Member of the Texas House of Representatives from the 16th district
- In office January 9, 1973 – January 14, 1975
- Preceded by: Rayford Price
- Succeeded by: Perry A. Tanner Jr.

Member of the Texas House of Representatives from the 6th district
- In office January 14, 1969 – January 9, 1973
- Preceded by: David W. Crews
- Succeeded by: Arthur 'Buddy' Temple

Personal details
- Born: Marion Price Daniel Jr. June 8, 1941 Austin, Texas, U.S.
- Died: January 19, 1981 (aged 39) Liberty County, Texas, U.S.
- Cause of death: Mariticide via gunshot wounds
- Party: Democratic
- Spouses: ; Diane Ford Wommack ​ ​(m. 1966; div. 1975)​ ; Vickie Loretha Carroll Moore ​ ​(m. 1976)​
- Children: 3
- Parents: Marion Price Daniel Sr. (father); Jean Houston Baldwin (mother);
- Relatives: William Partlow Daniel (uncle) Sam Houston (great-great-great grandfather) Margaret Lea Houston (great-great-great grandmother)
- Education: Baylor University
- Profession: Attorney

= Price Daniel Jr. =

American politician (1941–1981)

Marion Price Daniel Jr. (June 8, 1941 - January 19, 1981) was an American politician who served as the speaker of the Texas House of Representatives from 1973 to 1975. He was a member of the Texas House of Representatives from 1969 to 1975. He is also known for his death during his marriage to his second wife in 1981, after he had written her out of his will and her third time filing for divorce.

==Early life==
Daniel was born in Austin, Texas, on June 8, 1941, into a political dynasty that dated back to his great-great-great grandparents Sam Houston and Margaret Lea Houston. At the time of his birth, his father Marion Price Daniel Sr. was a member of the Texas House of Representatives who eventually rose to the office of Speaker. Daniel Sr. also served as Governor of Texas, as a United States senator and associate justice of the Texas Supreme Court. His mother Jean Houston Baldwin, a member of both the Daughters of the Republic of Texas and the Daughters of the American Revolution, was a direct descendant of Sam and Margaret Lea Houston. Daniel Sr.'s brother William Partlow Daniel also served in the Texas House of Representatives and was appointed Governor of the U.S. Territory of Guam by President John F. Kennedy.

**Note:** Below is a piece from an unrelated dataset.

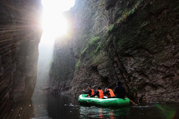 龍?zhí)洞髰{谷是洛陽黛眉山世界地質公園的核心景區(qū),是一條以典型的紅顏掌故群地質地貌景觀為主的峽谷景區(qū)。谷內關峽相望,潭瀑連珠,壁立萬仞,峽秀谷幽,經過12億年的地質沉淀合260萬年的水流切割旋蝕所形成的高峽甕谷、山崩地裂奇觀,堪稱世界一絕,人間少有。享有“中國嶂谷第一峽”、“古海洋天然博物館”、“峽谷絕品”和“黃河山水畫廊”等美名。
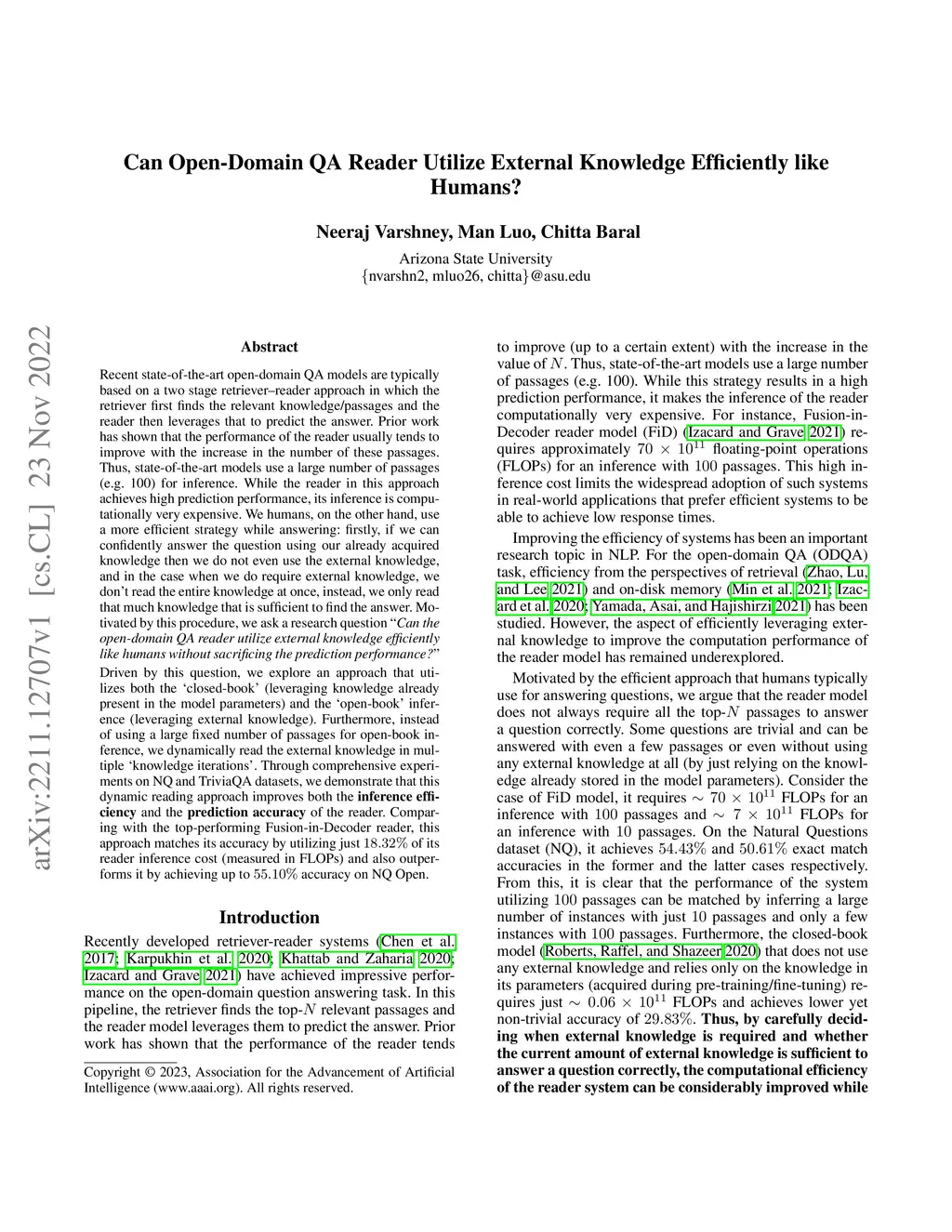Recent state-of-the-art open-domain QA models are typically based on a two stage retriever-reader approach in which the retriever first finds the relevant knowledge/passages and the reader then leverages that to predict the answer. Prior work has shown that the performance of the reader usually tends to improve with the increase in the number of these passages. Thus, state-of-the-art models use a large number of passages (e.g. 100) for inference. While the reader in this approach achieves high prediction performance, its inference is computationally very expensive. We humans, on the other hand, use a more efficient strategy while answering: firstly, if we can confidently answer the question using our already acquired knowledge then we do not even use the external knowledge, and in the case when we do require external knowledge, we don't read the entire knowledge at once, instead, we only read that much knowledge that is sufficient to find the answer. Motivated by this procedure, we ask a research question "Can the open-domain QA reader utilize external knowledge efficiently like humans without sacrificing the prediction performance?" Driven by this question, we explore an approach that utilizes both 'closed-book' (leveraging knowledge already present in the model parameters) and ópen-book' inference (leveraging external knowledge). Furthermore, instead of using a large fixed number of passages for open-book inference, we dynamically read the external knowledge in multiple 'knowledge iterations'. Through comprehensive experiments on NQ and TriviaQA datasets, we demonstrate that this dynamic reading approach improves both the ínference efficiency' and the 'prediction accuracy' of the reader. Comparing with the FiD reader, this approach matches its accuracy by utilizing just 18.32% of its reader inference cost and also outperforms it by achieving up to 55.10% accuracy on NQ Open.

He was raised in Austin and followed the political career of his father. By age twelve, he was making speeches on his father's behalf. He graduated from Austin High School in 1959, Baylor University in 1964, and Baylor Law School in 1966. While still enrolled in the university, Daniel started a mail-order book business that specialized in rare books of Texas history.

==Political career==
After receiving his law degree, Daniel moved to Liberty, Texas, and began his legal practice there, where he was also elected Justice of the Peace for Liberty County. In 1968, at age 27, he was elected to the Texas House of Representatives from the same seat his father had held from 1939 to 1945.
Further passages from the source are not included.